Given the Mossack Fonseca’s focus on company formation, minimizing tax burdens, Private Interest Foundations and the like, the firm could have easily been a target given the recent groundswell of activism against tax avoidance and income inequality. While the lapse in security at Mossack Fonseca may not be representative of security at all law firms, the details surrounding their environment point to likely weaknesses in people, processes and technology which could exist in any organization.

• People – Given what we know about potential vulnerabilities in their environment and the exfiltration of data, we can surmise that someone was not paying attention for an extended period of time. There are many security roles in an organization including, but not limited to policy development, administration and monitoring. In some environments one person may be responsible for many roles and in some cases not all responsibilities can be met. This may because no one was given the role or the person that was given the responsibility left the organization. A recent search of LinkedIn did not turn up too many IT-related profiles with Mossack Fonseca as a current or previous employer, although this doesn’t necessarily mean these individuals do not exist. Contractors may have also performed the role. That said, a third party could have been hired for a given job, say deploying the client portal, but maybe was not responsible for post implementation support.
• Process – Being notified of vulnerabilities in the software supporting the organization is paramount to understanding where risks exist. Knowing what data is leaving the environment is also critical. The likelihood that either of these was occurring is low and if either were occurring there wasn’t necessarily anyone to act on it in a timely fashion.

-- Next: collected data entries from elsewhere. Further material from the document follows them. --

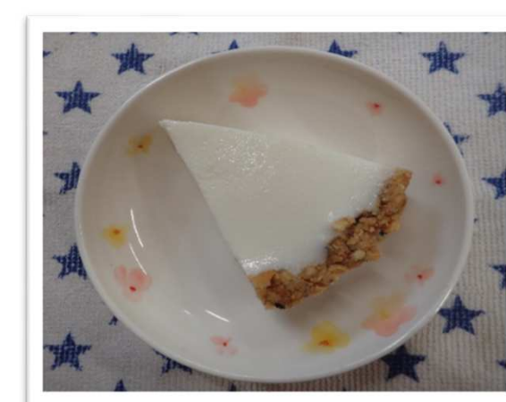
パバロアタルト(ヨーグルト)
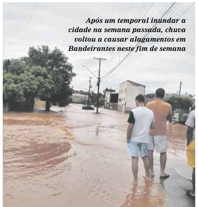
Após um temporal inundar a cidade na semana passada, chuva voltou a causar alagamentos em Bandeirantes neste fim de semana

Já em Siqueira Campos, as equipes da prefeitura estão trabalhando para realizar o levantamento dos problemas que surgiram com as chuvas. A análise está sendo feita de
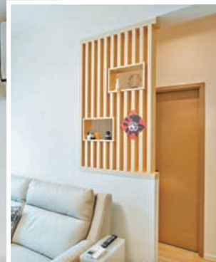
■ 梳化背後特設木條子屏風。
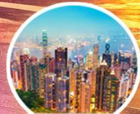
จุดชมวิว วิคตอเรียพีค
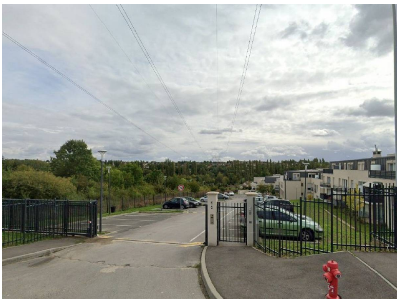
Figure 4: Vue vers le sud depuis le n° 21 de la rue du Gay-Pigeon, montrant le faisceau des trois lignes THT et les bâtiments résidentiels construits dans la phase 1 de réalisation de l'OAP, à l'ouest du périmètre de celle-ci

Le secteur concerné par la modification du PLU, comme l'ensemble du centre-bourg de la commune, est traversé du nord au sud par trois lignes électriques de très haute tension (THT - 400 kV). Cet enjeu est identifié dans l'état initial de l'environnement mais il n'est inexplicablement pas mentionné dans la synthèse hiérarchisée des enjeux environnementaux issue de cet état initial. Il est en revanche pris en compte, dans une certaine mesure, dans l'OAP, dont le schéma de principe représente une bande correspondant au faisceau de lignes THT dans laquelle sont prévus majoritairement des espaces de stationnement ainsi qu'un recul de dix mètres par rapport à ce faisceau pour les logements susceptibles de s'y inscrire à la marge.
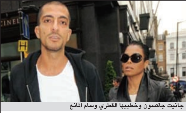
جانيت جاكسون وخطيبها القطري وسام المانع
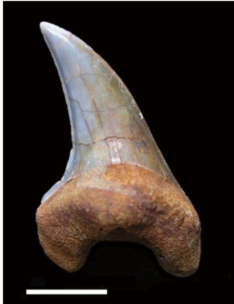
図 2. Parotodus benedeni の歯の化石 ※スケールは 1cm
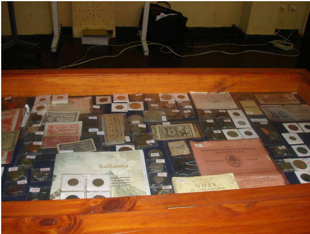
Lotes de subasta

• Technology – A breakdown in people and processes can occasionally be mitigated by technology. The WordPress and Drupal sites are now protected by a third party security provider, but other sites likely are not. An up-to-date intrusion detection system (IDS) may have detected some of the threats the organization faced, or activities that occurred, although there were several potential options to exploit so one avenue or another would have likely been open. For an organization that appears to have missed some fundamental security concerns, they may have used technology to secure some data as there is a site named crypt.mossfon.com, which is still up.

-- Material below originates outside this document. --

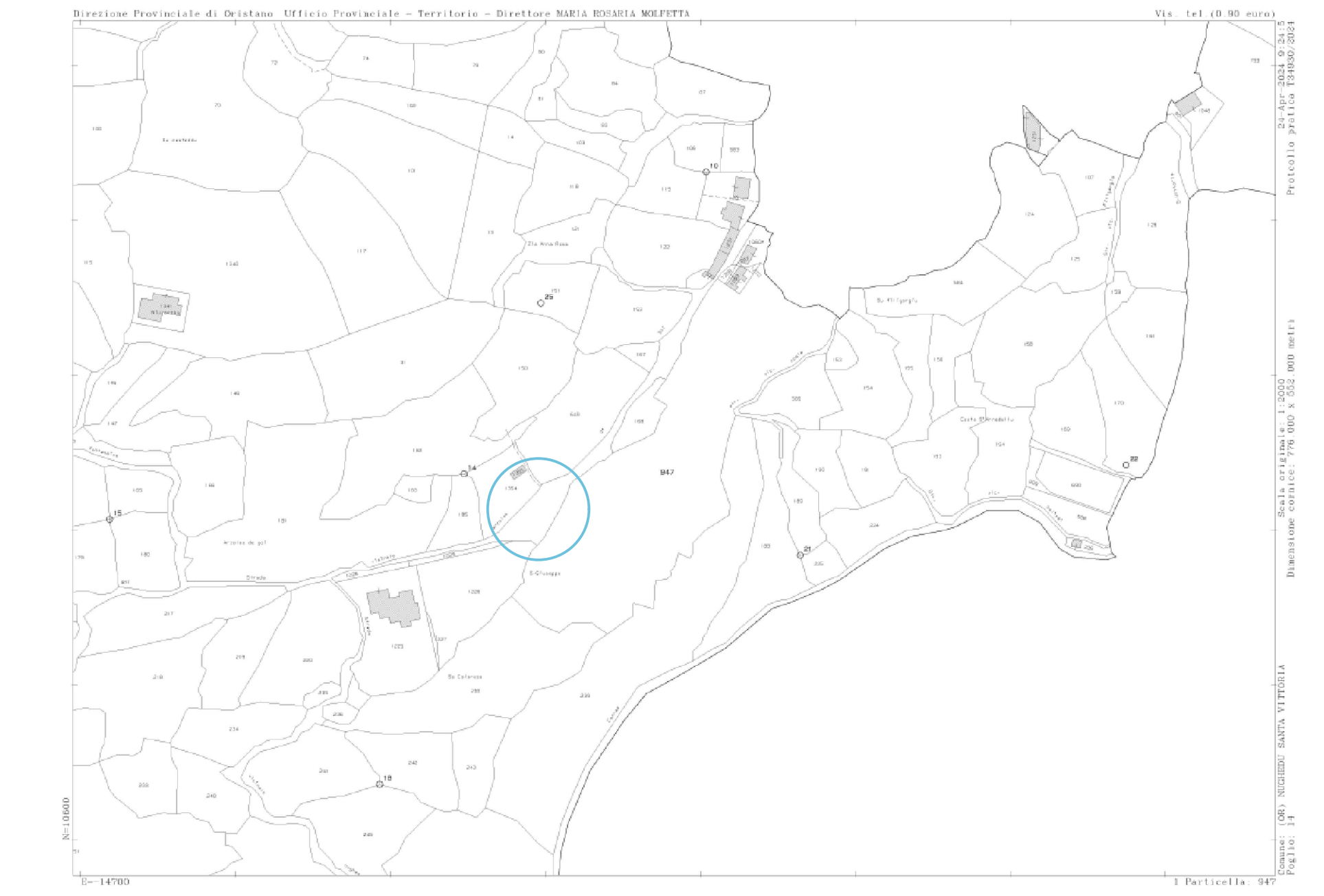
Catastale comune di Nughedu S. Vittoria Stralcio F.14

The Panama Papers incident may once again raise awareness around data security with legal firms. Organizations performing support services to legal firms, such as eDiscovery and Case Management providers, may also want to take note. Mossack Fonseca has a link on their page for ISO Certifications. However, the only one listed is ISO 9001:2008. An ISO 27001 assessment, or certification, may not have prevented the leak, but it would have demonstrated greater consideration of security on the part of Mossack Fonseca. A penetration test would also have been beneficial, although given the vulnerabilities that existed even a vulnerability scan would have detected some of the issues.

With most data breaches, the actual data on the people and companies is less interesting (albeit potentially more valuable) than the way in which the breach occurred or the attacker persisted in the attack. As it relates to the Panama Papers, it is the opposite. The forthcoming details related to various individuals, their transactions, and the potential future tax and privacy implications are far more interesting to the public than the means whereby the exfiltration actually occurred. That said, taking a few minutes to understand how it happened and what we can learn can be a worthwhile step in preventing future breaches.